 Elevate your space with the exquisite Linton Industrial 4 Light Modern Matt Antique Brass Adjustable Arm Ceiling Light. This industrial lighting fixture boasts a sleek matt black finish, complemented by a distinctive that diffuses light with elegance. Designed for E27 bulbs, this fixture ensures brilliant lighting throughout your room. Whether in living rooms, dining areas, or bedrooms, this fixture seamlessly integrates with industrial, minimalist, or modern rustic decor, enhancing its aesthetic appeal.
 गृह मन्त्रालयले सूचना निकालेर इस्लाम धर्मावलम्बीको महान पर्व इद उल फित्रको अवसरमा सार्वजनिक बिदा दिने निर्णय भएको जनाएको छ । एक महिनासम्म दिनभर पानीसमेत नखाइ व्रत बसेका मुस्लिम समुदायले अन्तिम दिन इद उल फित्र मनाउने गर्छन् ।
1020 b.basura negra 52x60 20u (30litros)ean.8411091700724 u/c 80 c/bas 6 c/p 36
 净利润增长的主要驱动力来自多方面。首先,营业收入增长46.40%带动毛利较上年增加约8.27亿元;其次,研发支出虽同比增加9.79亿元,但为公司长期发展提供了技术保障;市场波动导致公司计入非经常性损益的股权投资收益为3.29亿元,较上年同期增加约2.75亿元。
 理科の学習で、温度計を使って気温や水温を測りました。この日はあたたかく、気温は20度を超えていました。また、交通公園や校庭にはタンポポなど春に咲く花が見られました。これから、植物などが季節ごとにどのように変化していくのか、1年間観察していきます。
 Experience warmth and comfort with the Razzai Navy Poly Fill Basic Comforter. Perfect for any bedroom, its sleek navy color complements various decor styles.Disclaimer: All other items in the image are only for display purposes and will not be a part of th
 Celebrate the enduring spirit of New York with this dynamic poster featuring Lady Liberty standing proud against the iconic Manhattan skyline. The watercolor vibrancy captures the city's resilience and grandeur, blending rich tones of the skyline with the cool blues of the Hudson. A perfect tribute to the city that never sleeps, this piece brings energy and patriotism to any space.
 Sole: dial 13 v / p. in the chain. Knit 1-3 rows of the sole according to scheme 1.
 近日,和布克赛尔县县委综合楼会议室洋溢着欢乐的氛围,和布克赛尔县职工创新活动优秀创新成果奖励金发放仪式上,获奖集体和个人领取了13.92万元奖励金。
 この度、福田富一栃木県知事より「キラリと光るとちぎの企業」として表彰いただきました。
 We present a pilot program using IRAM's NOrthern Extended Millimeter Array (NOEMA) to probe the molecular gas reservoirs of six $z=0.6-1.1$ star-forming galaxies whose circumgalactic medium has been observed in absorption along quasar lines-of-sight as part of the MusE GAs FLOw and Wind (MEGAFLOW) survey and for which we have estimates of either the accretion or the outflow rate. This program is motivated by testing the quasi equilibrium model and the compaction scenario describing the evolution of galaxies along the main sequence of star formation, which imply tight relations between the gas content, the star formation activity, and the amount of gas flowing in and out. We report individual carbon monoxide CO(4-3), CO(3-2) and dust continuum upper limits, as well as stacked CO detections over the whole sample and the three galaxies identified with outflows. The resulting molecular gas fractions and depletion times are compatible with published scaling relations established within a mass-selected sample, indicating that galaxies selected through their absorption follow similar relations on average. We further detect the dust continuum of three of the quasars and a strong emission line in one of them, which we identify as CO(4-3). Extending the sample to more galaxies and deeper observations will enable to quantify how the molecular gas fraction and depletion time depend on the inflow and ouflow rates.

* Aim of the exercise *
All of the data above should be transcribed exactly.

* Answer section *
 Elevate your space with the exquisite Linton Industrial 4 Light Modern Matt Antique Brass Adjustable Arm Ceiling Light. This industrial lighting fixture boasts a sleek matt black finish, complemented by a distinctive that diffuses light with elegance. Designed for E27 bulbs, this fixture ensures brilliant lighting throughout your room. Whether in living rooms, dining areas, or bedrooms, this fixture seamlessly integrates with industrial, minimalist, or modern rustic decor, enhancing its aesthetic appeal.
 गृह मन्त्रालयले सूचना निकालेर इस्लाम धर्मावलम्बीको महान पर्व इद उल फित्रको अवसरमा सार्वजनिक बिदा दिने निर्णय भएको जनाएको छ । एक महिनासम्म दिनभर पानीसमेत नखाइ व्रत बसेका मुस्लिम समुदायले अन्तिम दिन इद उल फित्र मनाउने गर्छन् ।
1020 b.basura negra 52x60 20u (30litros)ean.8411091700724 u/c 80 c/bas 6 c/p 36
 净利润增长的主要驱动力来自多方面。首先,营业收入增长46.40%带动毛利较上年增加约8.27亿元;其次,研发支出虽同比增加9.79亿元,但为公司长期发展提供了技术保障;市场波动导致公司计入非经常性损益的股权投资收益为3.29亿元,较上年同期增加约2.75亿元。
 理科の学習で、温度計を使って気温や水温を測りました。この日はあたたかく、気温は20度を超えていました。また、交通公園や校庭にはタンポポなど春に咲く花が見られました。これから、植物などが季節ごとにどのように変化していくのか、1年間観察していきます。
 Experience warmth and comfort with the Razzai Navy Poly Fill Basic Comforter. Perfect for any bedroom, its sleek navy color complements various decor styles.Disclaimer: All other items in the image are only for display purposes and will not be a part of th
 Celebrate the enduring spirit of New York with this dynamic poster featuring Lady Liberty standing proud against the iconic Manhattan skyline. The watercolor vibrancy captures the city's resilience and grandeur, blending rich tones of the skyline with the cool blues of the Hudson. A perfect tribute to the city that never sleeps, this piece brings energy and patriotism to any space.
 Sole: dial 13 v / p. in the chain. Knit 1-3 rows of the sole according to scheme 1.
 近日,和布克赛尔县县委综合楼会议室洋溢着欢乐的氛围,和布克赛尔县职工创新活动优秀创新成果奖励金发放仪式上,获奖集体和个人领取了13.92万元奖励金。
 この度、福田富一栃木県知事より「キラリと光るとちぎの企業」として表彰いただきました。
 We present a pilot program using IRAM's NOrthern Extended Millimeter Array (NOEMA) to probe the molecular gas reservoirs of six $z=0.6-1.1$ star-forming galaxies whose circumgalactic medium has been observed in absorption along quasar lines-of-sight as part of the MusE GAs FLOw and Wind (MEGAFLOW) survey and for which we have estimates of either the accretion or the outflow rate. This program is motivated by testing the quasi equilibrium model and the compaction scenario describing the evolution of galaxies along the main sequence of star formation, which imply tight relations between the gas content, the star formation activity, and the amount of gas flowing in and out. We report individual carbon monoxide CO(4-3), CO(3-2) and dust continuum upper limits, as well as stacked CO detections over the whole sample and the three galaxies identified with outflows. The resulting molecular gas fractions and depletion times are compatible with published scaling relations established within a mass-selected sample, indicating that galaxies selected through their absorption follow similar relations on average. We further detect the dust continuum of three of the quasars and a strong emission line in one of them, which we identify as CO(4-3). Extending the sample to more galaxies and deeper observations will enable to quantify how the molecular gas fraction and depletion time depend on the inflow and ouflow rates.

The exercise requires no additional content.